Completelyjo · 06/11/2024 13:32

dublinderby34 · 06/11/2024 13:08

were about to be married - its our money? and yes i would like to buy my neice her own present - im 35 years old?

Three weeks ago you didn’t even live in the same country as your fiancé. Your age doesn’t change the fact that its not your niece, it’s your partner’s niece.
Leave him to deal with it, you haven’t mentioned him and what he wants once.

Bumblebeestiltskin · 06/11/2024 13:33

dublinderby34 · 06/11/2024 13:14

i agree - so what do you suggest i reply? thanks but leave us out of xmas as ihave some cute ideas and i love xmas shpping and wrapping presents etc?

I think this is a great response (I definitely wouldn't be so polite, but I get you don't want it to kick off)

LemonTT · 06/11/2024 13:33

First of all, you need to speak to your husband to be. Find out if this is established behaviour between him and his siblings. He might not want to change it. There might have been a discussion amongst siblings to get this one thing. For example the child wanted an expensive gift and the siblings agreed to go halves.

If that is not the case then agree on what to do. And don’t bother with cover stories. Just straight up say that you want to buy presents as a couple unless otherwise agreed. Your choice as a couple as to whether you go along with the current proposal or tell her you won’t be contributing.

Chillilounger · 06/11/2024 13:35

Nip this in the bud. Get your fiancé to have a word and tell her she's overstepping and in future to ask first.

BunnyLake · 06/11/2024 13:52

dublinderby34 · 06/11/2024 13:08

were about to be married - its our money? and yes i would like to buy my neice her own present - im 35 years old?

Is it your niece or your nephew?

MzHz · 06/11/2024 13:53

dublinderby34 · 06/11/2024 13:15

that would cause WW3

people like this go nuclear because that is how they get what they want

LET her go nuclear. stay calm and keep the message simple, 'thanks SIL, but I've already sorted out gifts, so wont be contributing to this.

if and when she kicks off repeat the message. I've already sorted out what I'm buying, but thanks. I don't believe in joint gifts so won't be chipping in for gifts in future'

gotmychristmasmiracle · 06/11/2024 14:00

If actually be grateful and it would save me a job.

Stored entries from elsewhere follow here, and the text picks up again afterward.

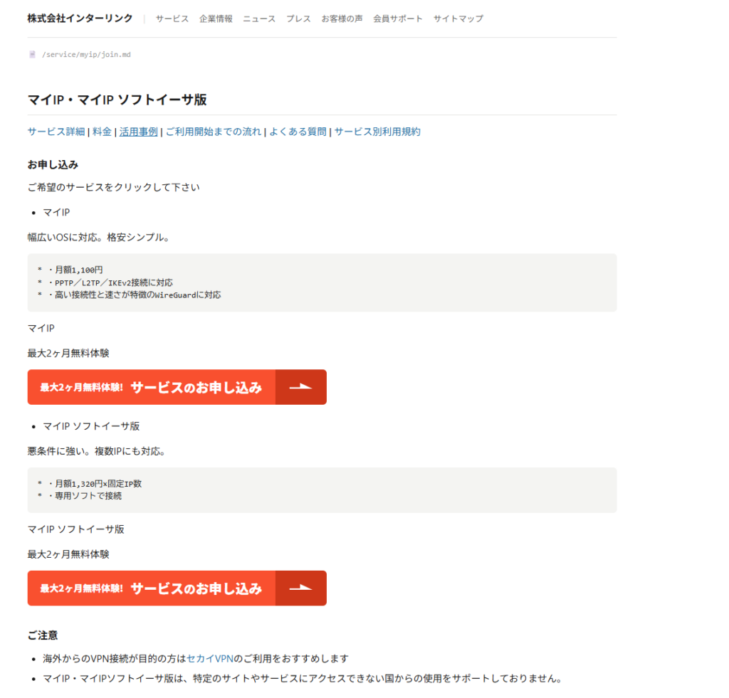 商品名:Interlink 固定IPサービス
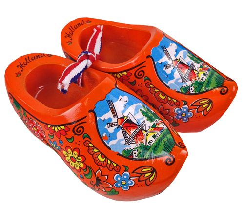 Set van 2 oranje houten klompjes 10cm. groot met delftsblauw strikje.
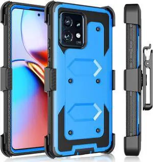 Tekcoo Holster Case For Motorola Edge+ 2023 | Moto Edge Plus 5G UW 2023 | Edge 40 Pro X40 | XT2301 [Tshell] Shock Absorbing [Kickstand Locking Belt Clip] Carrying Secure Swivel Full Body Cover - Blue
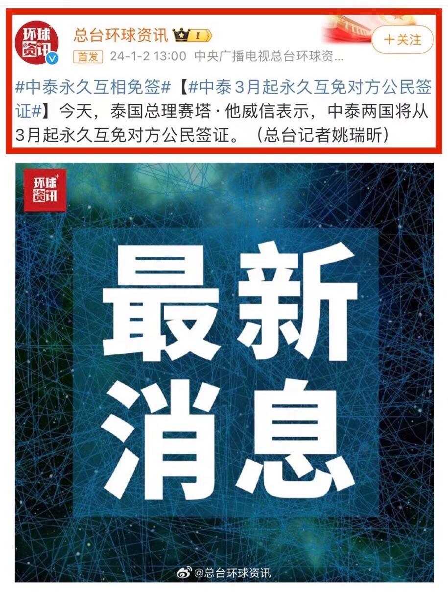 2024年1月2日,新年第二天,環球總檯諮詢發佈一則好消息,泰國與中國在旅遊業邁出了歷史性重要的一步,泰國總理(賽塔,他威信)宣佈稱:從2024年3月1日起,中國與泰國兩國遊客實現永久免費簽證,這一則消息出來,在朋友圈旅行平臺已經刷屏了。
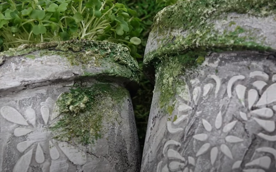 Берём обыкновенные пластиковые банки или ведёрки, обрабатываем поверхности наждачной бумагой. Затем создаём необходимый узор рельефной пастой на пластике и имитируем мох при помощи акриловых красок :)
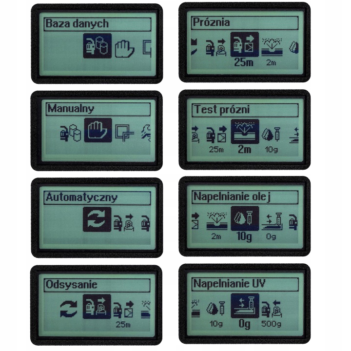 ручной режим-позволяет вводить все параметры, такие как время вакуума, количество масла и количество газа вручную, благодаря этому режиму каждый этап мы можем выполнить отдельно.
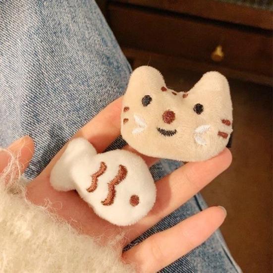 4Pcs Girl Hairpin Mini Plush Kitty Fish Design Secure Hold Hair Clip Side Bang Hair Pin Healing Style Hair Accessory
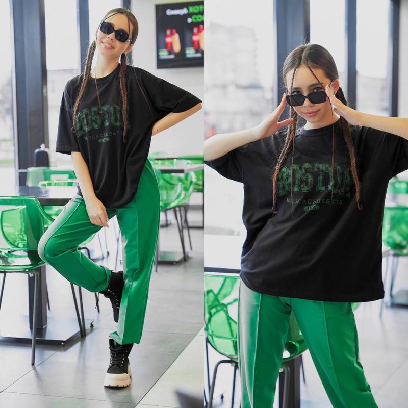 Удобный спортивный костюм футболка с трендовым накатом штаны с карманами Ткань футболки турецкий кулир штаны турецкая двунитка ПОЛНОМЕРНЫЕ Размер/длин.футб/пог/длин.штанов/крок/пот/поб похибка+-2см 140/53/54/84/61/27/42-1шт 152/60/55/89/65/29/44-1шт 158/62/58/94/68/30/46-1шт
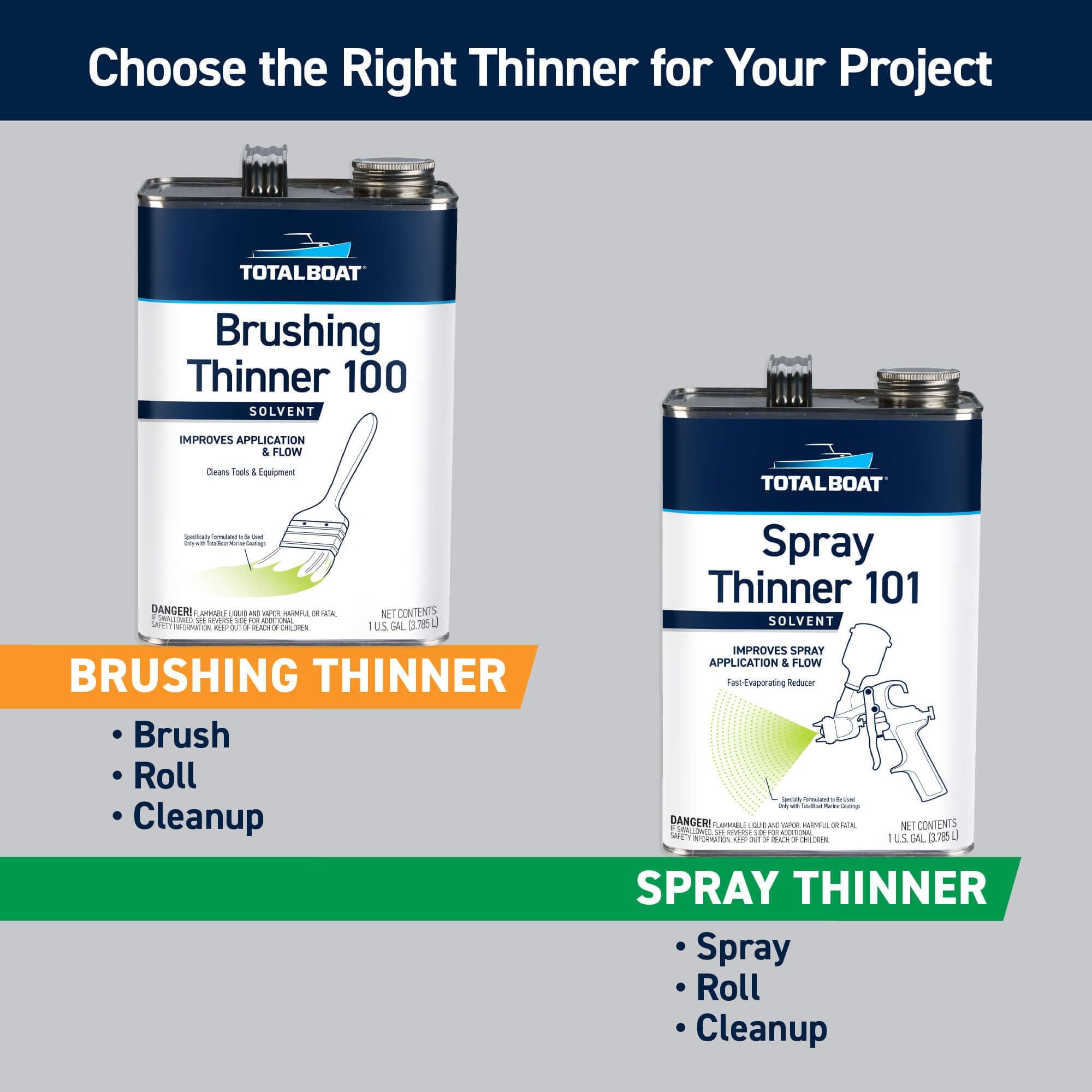 -AVAILABLE IN GLOSS OR SATIN (low-sheen), in Pint, Quart and Gallon sizes; Coverage: 360-400 sq ft/gallon; Thinner: TotalBoat Special Brushing Thinner 100 (brushing/rolling); TotalBoat Spray Thinner 101 (spraying)

But as this is your partners family I think it's up to him to deal with it.

gotmychristmasmiracle · 06/11/2024 14:01

Also could have been done like this historically also.

TequilaNights · 06/11/2024 14:04

Ask what it is and why she didn't ask you first. You already had presents in mind
She doesn't have to know you haven't asked your other sister yet.

Then text your sister at the same time asking what they want

ConiferBat · 06/11/2024 14:14

Anyone else suspect they've probably done it like this for yonks, brother has been a lazy nob who just leaves it to sister.

Now OP has joined the party & the rules have changed but nobody knew of her cute ideas & love of xmas shopping.

So DSIL carried on as she always has & was happy to find something, brother remains oblivious & OP is miffed.

Have a conversation with the fiancée that you love Xmas & want to be involved or DIY next year, but if the above is accurate YABU to be cross with SIL - it's how their family works.